> [Work instruction]
From the entries below, reproduce exactly the lines from the one with "Ideal plan of" through the one with "Main post office", both included, without images.

** Supplied entries follows **

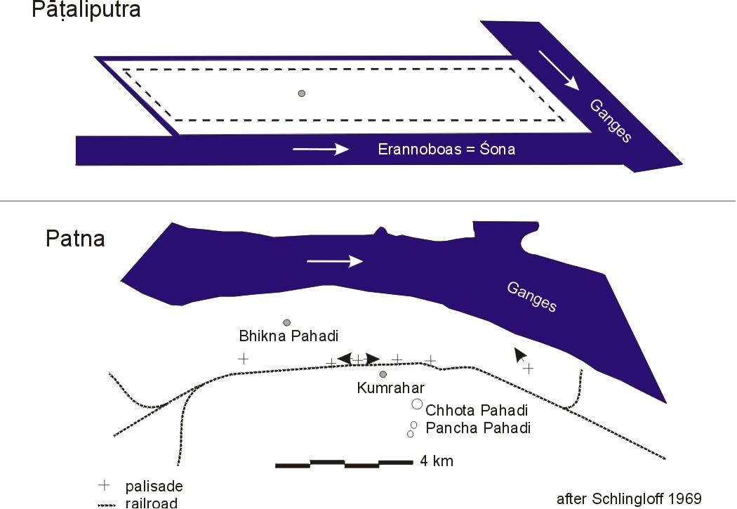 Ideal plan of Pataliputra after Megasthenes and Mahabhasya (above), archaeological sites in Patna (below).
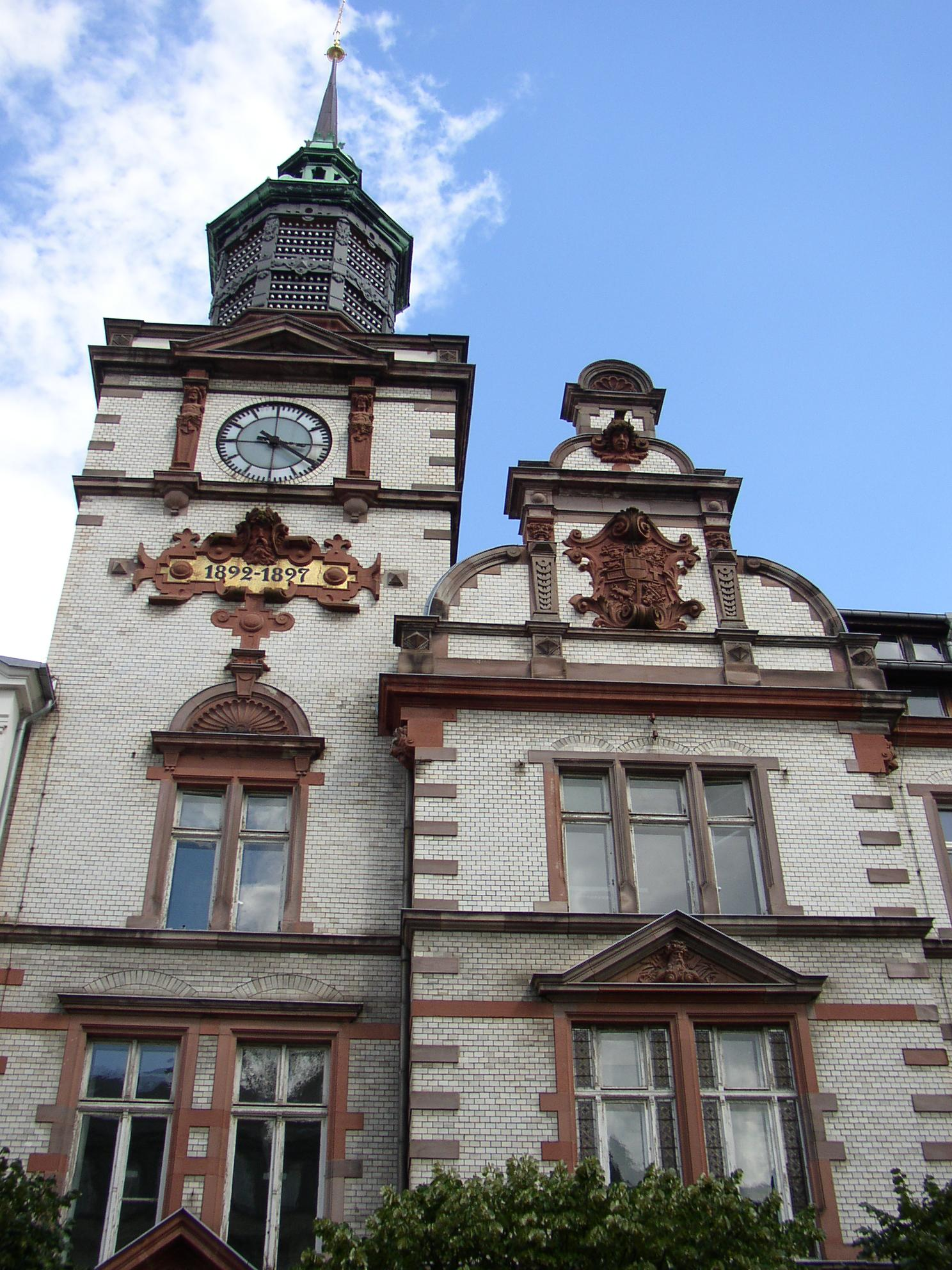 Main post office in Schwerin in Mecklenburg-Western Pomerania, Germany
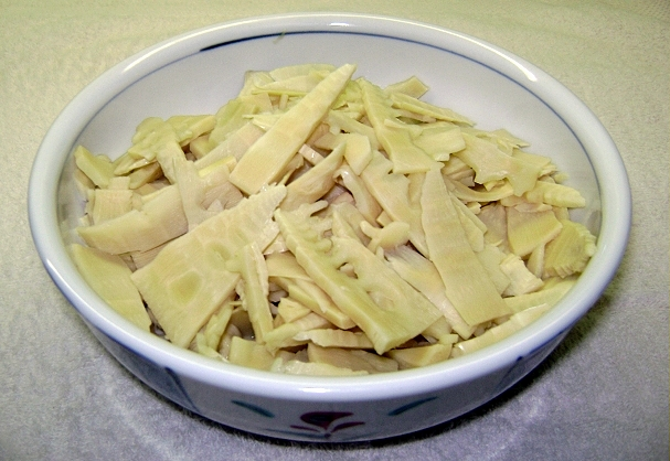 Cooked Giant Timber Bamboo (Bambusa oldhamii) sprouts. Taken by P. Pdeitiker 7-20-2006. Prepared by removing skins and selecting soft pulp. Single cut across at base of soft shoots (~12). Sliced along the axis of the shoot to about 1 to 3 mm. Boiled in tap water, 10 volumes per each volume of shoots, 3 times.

** End of Supplied entries **
** Supplied entries follows **

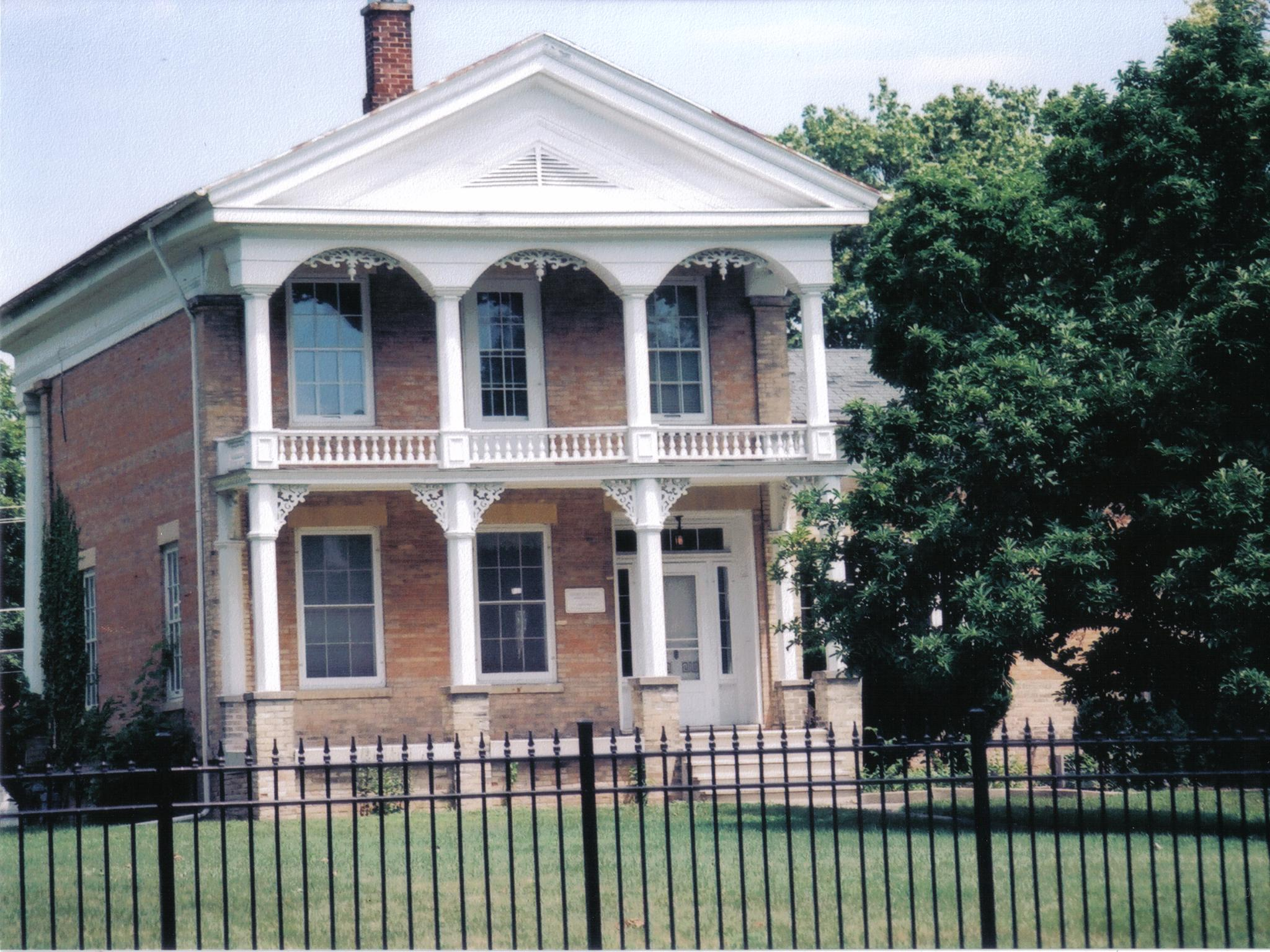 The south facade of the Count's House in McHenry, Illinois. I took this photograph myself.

** End of Supplied entries **

> [Output for this task]
 Ideal plan of Pataliputra after Megasthenes and Mahabhasya (above), archaeological sites in Patna (below).
 Main post office in Schwerin in Mecklenburg-Western Pomerania, Germany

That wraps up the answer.